Department of Information Engineering (DINFO), University of Firenze, Via di Santa Marta 3, 50139 Firenze, Italy.
National Research Council-Institute of Biometeorology (CNR-IBIMET), Via Caproni 8, 50145 Firenze, Italy.
Sensors (Basel). 2018 Aug 28;18(9):2843. doi: 10.3390/s18092843.

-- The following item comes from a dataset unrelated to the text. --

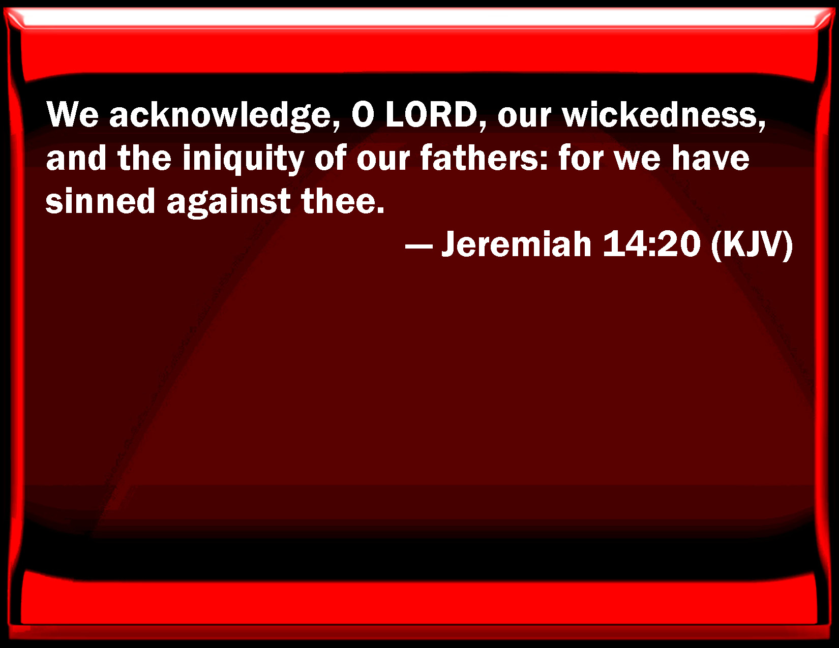 Bible Verse Slide Jeremiah 14:20 We acknowledge, O LORD, our wickedness, and the iniquity of our fathers: for we have sinned against you. KJV: We acknowledge, O LORD, our wickedness, and the iniquity of our fathers: for we have sinned against thee. DRB: We acknowledge, O Lord, our wickedness, the iniquities of our fathers, because we have sinned against thee. DBT: Jehovah, we acknowledge our wickedness, the iniquity of our fathers; for we have sinned against thee. ERV: We acknowledge, O LORD, our wickedness, and the iniquity of our fathers: for we have sinned against thee. WBT: We acknowledge, O LORD, our wickedness, and the iniquity of our fathers; for we have sinned against thee. WEB: We acknowledge, Yahweh, our wickedness, and the iniquity of our fathers; for we have sinned against you. YLT: We have known, O Jehovah, our wickedness, The iniquity of our fathers, For we have sinned against Thee.Links Jeremiah 14:20 NIV • Jeremiah 14:20 NLT • Jeremiah 14:20 ESV • Jeremiah 14:20 NASB • Jeremiah 14:20 KJV • Jeremiah 14:20 Interlinear • Jeremiah 14:20 Commentaries • Jeremiah 14:20 Parallel Texts • Jeremiah 14:20 Bible Apps • Jeremiah 14:20 Parallel • Bible Hub |

A low-cost air quality station has been developed for real-time monitoring of main atmospheric pollutants. Sensors for CO, CO₂, NO₂, O₃, VOC, PM and PM were integrated on an Arduino Shield compatible board. As concerns PM and PM sensors, the station underwent a laboratory calibration and later a field validation. Laboratory calibration has been carried out at the headquarters of CNR-IBIMET in Florence (Italy) against a TSI DustTrak reference instrument. A MATLAB procedure, implementing advanced mathematical techniques to detect possible complex non-linear relationships between sensor signals and reference data, has been developed and implemented to accomplish the laboratory calibration. Field validation has been performed across a full "heating season" (1 November 2016 to 15 April 2017) by co-locating the station at a road site in Florence where an official fixed air quality station was in operation. Both calibration and validation processes returned fine scores, in most cases better than those achieved for similar systems in the literature. During field validation, in particular, for PM and PM mean biases of 0.036 and 0.598 µg/m³, RMSE of 4.056 and 6.084 µg/m³, and R² of 0.909 and 0.957 were achieved, respectively. Robustness of the developed station, seamless deployed through a five and a half month outdoor campaign without registering sensor failures or drifts, is a further key point.
已开发出一种低成本空气质量监测站,用于实时监测主要大气污染物。CO、CO₂、NO₂、O₃、VOC、PM 和 PM 传感器集成在一个与 Arduino Shield 兼容的电路板上。就 PM 和 PM 传感器而言,该站经过了实验室校准和随后的现场验证。实验室校准在意大利佛罗伦萨的 CNR-IBIMET 总部进行,使用 TSI DustTrak 参考仪器进行。开发并实施了一个 MATLAB 程序,该程序采用先进的数学技术来检测传感器信号与参考数据之间可能存在的复杂非线性关系,以完成实验室校准。现场验证在整个“供暖季”(2016 年 11 月 1 日至 2017 年 4 月 15 日)进行,将该站与佛罗伦萨的一个道路站点并置,该站点设有一个官方固定空气质量监测站在运行。在大多数情况下,校准和验证过程的得分都很好,优于文献中类似系统的得分。特别是在现场验证期间,对于 PM 和 PM 的平均偏差分别为 0.036 和 0.598 µg/m³,RMSE 分别为 4.056 和 6.084 µg/m³,R² 分别为 0.909 和 0.957。该开发的监测站的稳健性是另一个关键点,该监测站在长达五个半月的户外测试中无缝部署,没有记录到传感器故障或漂移。